La question est alors : quelle est la proposition de valeur de la DSI pour le marketing et les ventes ? Et comment éviter d’être désintermédié face à des outils de plus en plus accessibles ?
Pour y répondre, nous verrons d’abord les évolutions majeures auxquelles font face les directions Marketing et Commerciale, puis comment la DSI peut jouer un rôle déterminant dans leur transformation.
Constat : les équipes Marketing et Ventes doivent impérativement changer d'approche.
Aujourd’hui, les méthodes traditionnelles telles que le cold calling (appels de prospection) ne fonctionnent plus comme avant. Une enquête publiée par Forbes révèle que le taux de conversion des appels à froid est généralement inférieur à 2%. Par ailleurs, le cold emailing, bien qu’encore largement utilisé, montre également des résultats décevants avec des taux d’ouverture moyens qui plafonnent autour de 20%, et un taux de réponse encore plus faible. Les prospects n’apprécient plus les sollicitations directes et intrusives ; ils privilégient désormais les échanges basés sur la valeur ajoutée et la pertinence. Face à cette réalité, les équipes marketing et commerciales doivent adopter des stratégies nouvelles.
Les clients attendent de la valeur avant qu’on leur parle produit, et une expérience personnalisée plutôt qu’un message standardisé. Pour capter leur attention, les entreprises doivent passer d’une logique de promotion à une logique d’éditorialisation.
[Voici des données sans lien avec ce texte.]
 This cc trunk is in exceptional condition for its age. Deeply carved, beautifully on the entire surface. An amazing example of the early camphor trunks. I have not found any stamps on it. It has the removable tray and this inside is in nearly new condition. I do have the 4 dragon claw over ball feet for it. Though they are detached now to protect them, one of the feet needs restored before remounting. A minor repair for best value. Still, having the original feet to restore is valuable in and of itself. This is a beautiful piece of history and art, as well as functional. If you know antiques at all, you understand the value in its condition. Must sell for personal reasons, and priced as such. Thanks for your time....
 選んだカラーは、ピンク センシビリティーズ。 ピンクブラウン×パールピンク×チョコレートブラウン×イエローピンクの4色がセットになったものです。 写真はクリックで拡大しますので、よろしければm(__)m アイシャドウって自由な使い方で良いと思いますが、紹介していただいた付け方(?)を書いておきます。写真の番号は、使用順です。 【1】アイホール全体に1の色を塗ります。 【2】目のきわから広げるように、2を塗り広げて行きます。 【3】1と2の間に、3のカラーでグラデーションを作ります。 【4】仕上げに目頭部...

Elles ne vendent plus seulement un produit, mais une expertise, en résumé les entreprises doivent devenir un média, et les DSI ont un rôle à jouer dans cette transformation.
Comment le DSI peut-il contribuer à transformer l’entreprise en média ?
Dans un monde où l’attention est devenue un actif stratégique, les entreprises doivent penser comme des médias. Cela signifie produire régulièrement du contenu engageant, à forte valeur ajoutée, qui attire, fidélise, et influence leur audience cible au-delà de la simple promotion de leurs produits.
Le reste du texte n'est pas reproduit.